In addition to being connected to the selfholding contacts SRC3, relay R3 also operates a ganged set of contacts RC3 to connect terminals A7, A10 and A2 to a potentiometer P1 which is set to the value required for the film type and thickness to give the main drive motor the appropriate speed during the part of the cycle when the tube becomes engaged between the two jaws 5 and 6 on the sealing jaw carriers 1 and 2, and sealing is taking place.

Photocell PC1 is deliberately well in advance of the top dead centre position of the lower sealing jaw 6, in order to allow the main drive motor speed to decay to the value pre-set on "machine speed" potentiometer P1 before the actual sealing operation starts.

The description above assumes that the master switch MS is in the position illustrated, in which case relay R4 is energised and the ganged contact set RC4 is in the indicated position. If, on the other hand, the switch MS is in the opposite state then the ensuing deenergisation of the relay R4 will switch the ganged contact set RC4 to its other position, connecting terminals A7, A10 and A2 to the "normal" potentiometer P3, set at an appropriate value for a desired machine speed throughout each cycle in the "constant speed" mode.

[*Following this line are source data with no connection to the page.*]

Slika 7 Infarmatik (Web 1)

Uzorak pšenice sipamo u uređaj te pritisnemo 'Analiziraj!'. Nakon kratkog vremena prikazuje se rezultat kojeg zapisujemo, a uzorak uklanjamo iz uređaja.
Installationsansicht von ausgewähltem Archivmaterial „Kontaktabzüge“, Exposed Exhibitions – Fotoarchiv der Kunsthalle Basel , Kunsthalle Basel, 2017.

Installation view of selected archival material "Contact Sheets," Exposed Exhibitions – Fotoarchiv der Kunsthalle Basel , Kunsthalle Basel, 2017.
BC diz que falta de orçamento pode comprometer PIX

When the lower sealing jaw 6 obscures the photocell PC2 from its associated infra-red emitter, the change of signal on signal line 8 operates the relay R2 to open the normally closed contacts RC2, thereby de-energising the relay R3 and causing its self-holding contacts SRC3 to open and also changing the state of the ganged contact set RC3 to connect the terminals A7, A10 and A2 now to the "machine speed" potentiometer P2 which is set to a value which results in an increase in the speed of the main drive motor until photocell PC1 is next obscured by the sealing jaw 6 on the run-up to a sealing phase.

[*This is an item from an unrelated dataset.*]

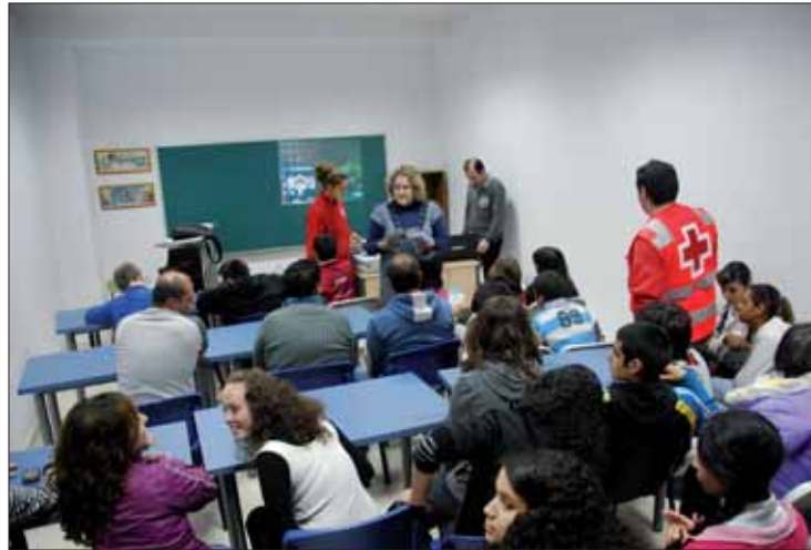
El taller se llevó a cabo en el Edificio Juvenil Ludoteca de Rute/MM

También a finales de mes, el viernes 28, se organizó una merienda intercultural. Numerosos niños y niñas acompañados de sus padres participaron de una tarde de juegos y degustaron una merienda con comidas de distintos países.

It will of course be obvious that when the photocell PC2 is again exposed to infra-red radiation by completion of the pass of the lower sealing jaw 6, the closing of contacts RC2 (by the change of state on the signal line 8 operating the relay R2) will not affect the condition of relay R3 because the contacts RC1 controlled by photocell PC1 and the selfholding contacts SRC3 for the relay R3 will both be open, and will thus prevent energisation of the relay R3.

From the above, it will be understood that with the switch MS in the position "1" shown, the main drive motor for the film advance, product infeed, sealing jaw carriers 1 and 2, and product delivery will cyclically speed up and slow down so that it will slow down during the sealing phase of the jaws 5 and 6, in order to provide adequate dwell time for the sealing operation, despite the fact that an increased overall machine speed may have been selected on the potentiometer P2, and the resulting loss of time during the sealing operation is recouped by the correspondingly increased speed of the elements of the machine during the remaining nearly three quarters of a revolution of the lower sealing jaw carrier 2 before the photocell PC1 next becomes obscured.

It will be appreciated that the potentiometers P1 and P2 will be set in such a way that as higher machine speeds are selected, the difference in speed imparted to the sealing jaw speed controller by way of the signals on terminals A7, A10 and A2 by the "dwell time" potentiometer P1 during the sealing phase will more markedly differ from the speed imparted by the setting on the "machine speed" potentiometer P2 during the remainder of the cycle as the sealing jaws move round to approach the next sealing operation.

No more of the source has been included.